Fotógrafa: María Paola Garrido Barrera
En el principio, la tierra era sólo un desorden y un vacío, las tinieblas estaban sobre la faz del abismo y sólo se escuchaba un silencio infinito. Y Dios, el Supremo Hacedor de todas las cosas, en su soledad abnegada, decidió que era suficiente así que tendió su mano y fue hecha la luz en la profundidad de las sombras. Y vio Dios que cuanto había hecho era bueno, pero aún la nada parecía abarcarlo todo…

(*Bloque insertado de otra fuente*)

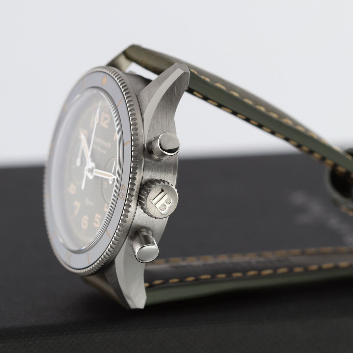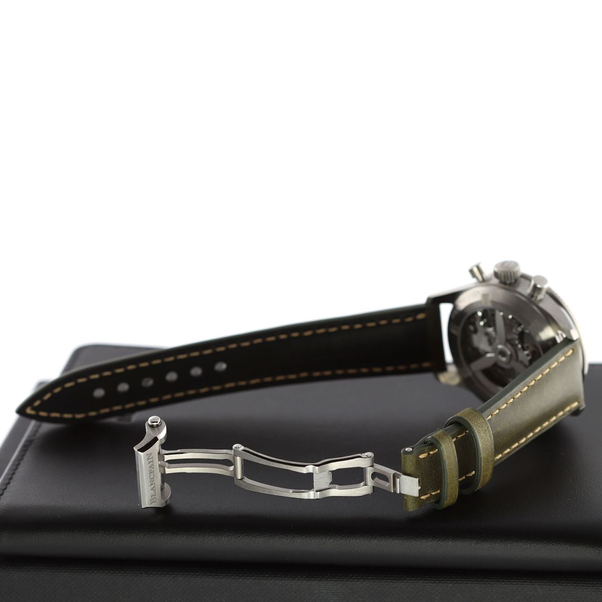 Case: Brushed titanium case. Box & domed sapphire crystal. Bi-direction rotating bezel with polished black ceramic insert & vintage colored luminous 5 minute scale. Matte green dial. Tachymeter scaled on the dial perimeter. Polished hands, central hands with vintage colored luminous fill. Vintage colored luminous numeral hour markers. Fine printed minutes/seconds & fraction of a seconds track.
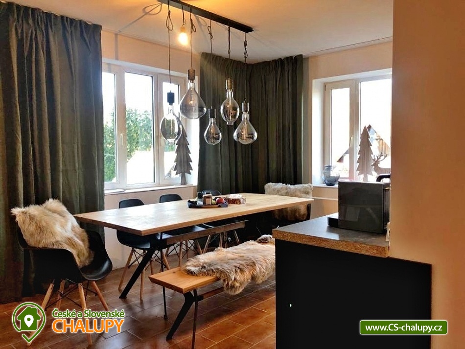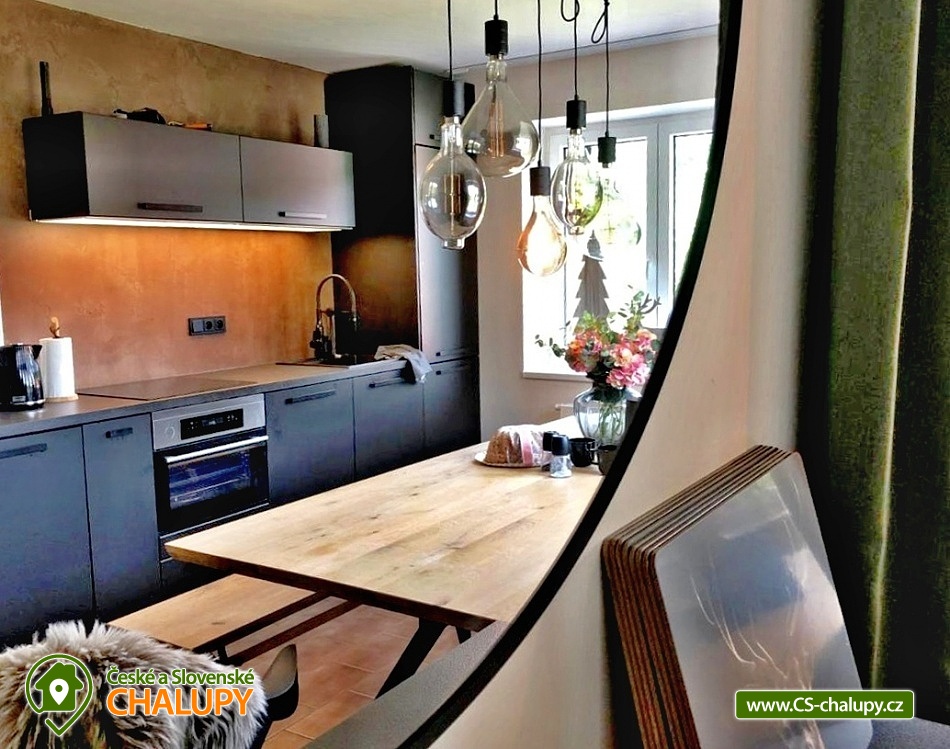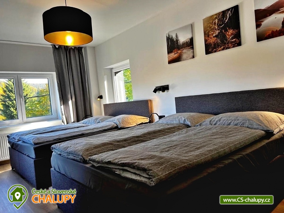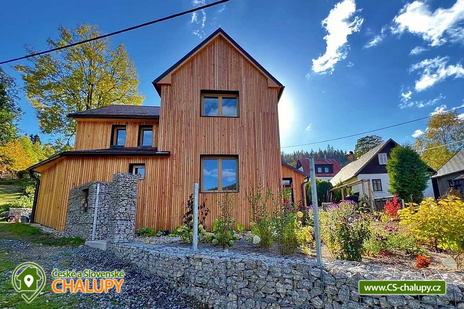 Chata s wellness (wellness místnost s vířivou vanou a výhledem do zahrady) se nachází u přírodní rezervace Jedlový důl v obci Josefův Důl. Chata se nachází v ráji Jizerských hor, s výhledem na novogotický kostel a krásnou hornatou krajinu protkanou turistickými a běžkařskými tratěmi světově známé Jizerské 50. Chata je umístěná ve svahu, přesto je velmi dobře přístupná. Těšit se můžete na relaxování ve vířivce s výhledem do zahrady. Moderně vybavená chata nabízí ubytování pro až 8 osob ve čtyřlůžkových ložnicích, ve kterých je k dispozici 2x dvoulůžková postel. Po domluvě možnost dalších dvou přistýlek v zimní zahradě, kde je k dispozici 1x dvoulůžko řešené Queen size pohovkou. K zapůjčení je dětská postýlka. Společné chvíle lze trávit v obývacím pokoji s TV a s moderním rohovým krbem zajišťujícím příjemné posezení a velmi atraktivní atmosféru. Dále je možné pobývat v zimní zahradě nebo u jídelní stolu v plně vybavené kuchyni (varná deska, trouba, rychlovarná konvice, mikrovlnná trouba, lednička, myčka nádobí a topinkovač). Sociální zařízení zahrnuje dvě designové koupelny se sprchovým koutem a dvěma toaletami a wellness zónu s vířivou vanou. K dispozici je pračka. Vytápění je řešeno plynovým kotlem a krbovými kamny v obývacím pokoji. V celém objektu je k dispozici WIFI připojení na internet. Po celý pobyt jsou k dispozici osušky, ložní prádlo, start balíček s kávou (Nespresso), utěrky, tabletky do myčky a dřevo na zátop. Chata je obklopená rozkvetlou zahradou, kde je připravené posezení nejen u stolu, ale také v pohodlném lounge stylu. K dispozici je plynový gril a posezení u ohniště. Děti mají k dispozici skluzavku. Parkovat lze přímo u objektu. V okolí možnost turistiky, cykloturistiky, koupání, houbaření, běžkování a lyžování. V blízkosti je také jízdárna a bikepark Tanvaldský Špičák. Mezi možnosti koupání patří např: přírodní koupaliště Josefův Důl, koupaliště Lučany nad Nisou, přehrada Mšeno, koupaliště Tanvald, koupaliště Dolina, přehrada Bedřichov, Lesní koupaliště Liberec, přehrada Harcov, koupaliště Hejnice, koupaliště Zlatá Olešnice, plavecký bazén Liberec, atd. V zimním období jsou k dispozici blízká lyžařská střediska: Tanvaldský Špičák, Bukovka - Josefův Důl, Lucifer - Josefův Důl, Selský dvůr - Albrechtice, Severák, U Tomáše - Albrechtice, U PILY - Lučany nad Nisou, Světlý vrch, Detoa - Albrechtice v Jizerských horách, Bedřichov - U Vodárny, Filip - Smržovka a další. K výletům v okolí lákají vodopády Jedlový důl, Mariánskohorské boudy, přehrada Josefův Důl, Protržená přehrada Bílá Desná, Kristiánov, rozhledny Bramberk, Královka, Slovanka a Tanvaldský Špičák, rašeliniště Na čihadle, Muzeum Na cestě - Lučany nad Nisou, Muzeum skla a bižuterie - Jablonec nad Nisou nebo ZOO Liberec. Těšíme se na Vás u nás.
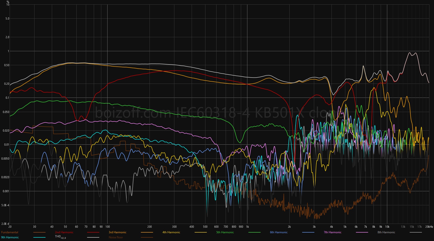 Нелинейные искажения на 104 дБ громкости с выключенной и включенной опцией «Use harmonic frequency as ref»:
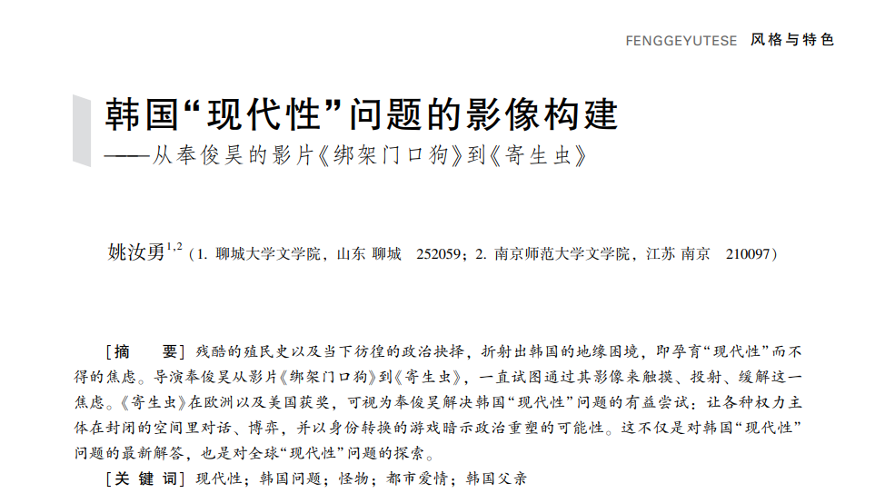 近日,我院姚汝勇老师的论文《韩国“现代性”问题的影响建构——从奉俊昊的影片<绑架门口狗>到<寄生虫>》刊发于《电影文学》2022年第3期。
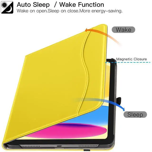 (Model Number: A2696/A2757/A2777) Not compatible with other iPad devices. Please check the model number of your iPad before purchasing. ^^ iPad 10th generation case with premium PU Leather exterior and anti-slip interior lining protects your iPad from shocks, drops and scratches. ^^ -The front cover is equipped with pockets for notes, cards, cash etc. External elastic band enhances magnetic closure. ^^ /Strong magnetic protective case makes it easy to wake or sleep your iPad, which can reduce battery drain for extending life. ^^ Multiple slots on the inside of the front cover can adjust your iPad to a comfortable viewing or typing angle, making you relax and entertain better. Full access to all controls and features without removing the case.
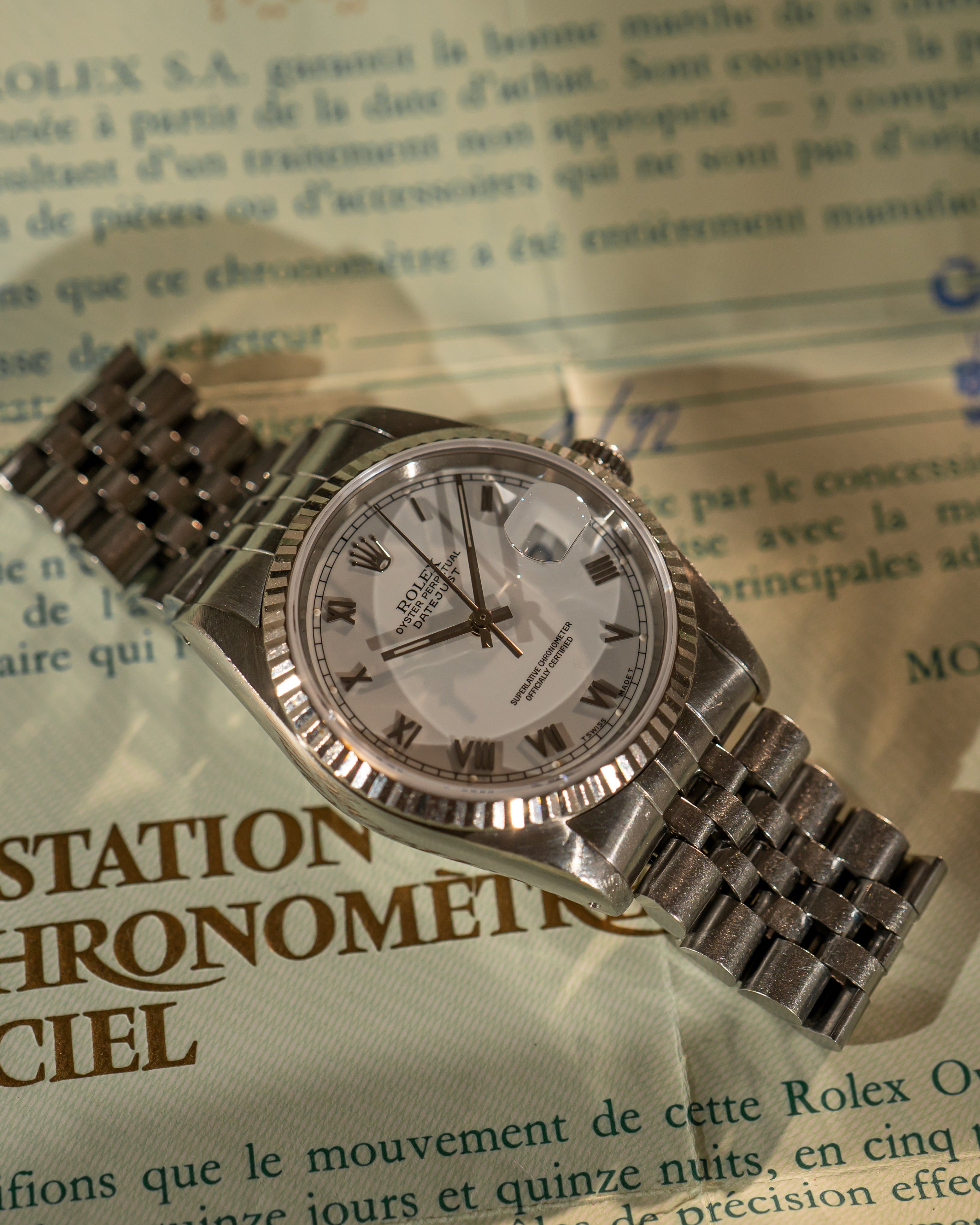 A classic execution of the Rolex Datejust, this ref. 16234 pairs the elegance of a fluted white gold bezel with a clean white Roman numeral dial—timeless and versatile in every way.
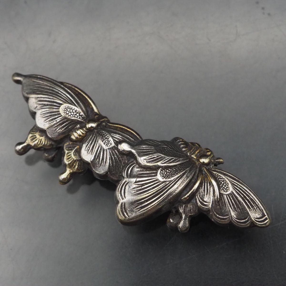 G346 ヴィンテージ 帯留め 蝶 バタフライ ゴールド デザイン シルバー 和装小物
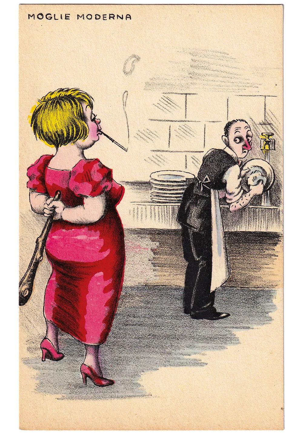 Y luego está la infinidad de chistes sobre la terrible y patética solterona, un tropo inventado para dirigir a las mujeres hacia el amor, la abnegación y las labores reproductivas, de crianza y cuidados, siempre dentro del espacio privado. Un mito que disuade e impide concebir alternativa: “La mujer que al amor no se asoma no merece llamarse mujer”, dice la canción. Y es interesante ver cómo los temas que tocan estas postales tienen siempre su reflejo en el refranero: “Mujer sin varón, ojal sin botón”, “La mujer que no se casa se seca como una pasa”, “Soltera que pasa de treinta, de rabia revienta” o “Por ese hablar tan suelto, habrás de perder casamiento”.

En la noche del quinto día, Dios se dio cuenta de la banalidad de su creación así que decidió hacer algo más; y la hizo a Ella, a su honra y semejanza la hizo, la hizo mujer para que fuera la emanación de la vida en carne propia, le dio dos luceros por ojos y depositó en ellos la chispa de un incensario, para que, así como los faros en alta mar acompañan a los navegantes en su búsqueda nocturna, asimismo, ellos ayuden a los mortales a encontrar el camino de regreso a casa, le hizo una boca y puso en ella el murmullo del quetzal, para que todo aquel que oiga escuche el cantar del cielo.
Y vio Dios que cuanto había hecho era bueno y se maravilló suntuosamente de la obra de sus manos. Y al séptimo día descansó y contempló su creación, y entre todo lo que había hecho, Ella era su obra predilecta porque representaba todo lo bueno que Él sentía por el mundo, porque a diferencia de todo lo pomposamente perfecto que había creado, Ella comprendía lo que a Él se le escapaba, comprendía la belleza de lo defectuoso y lo espontáneo en la naturaleza humana, comprendía que las arrugas de la vida pedestre, eran más que una muerte anunciada, eran la culminación del contraste de muchas sonrisas y lamentos en el tiempo de los desterrados.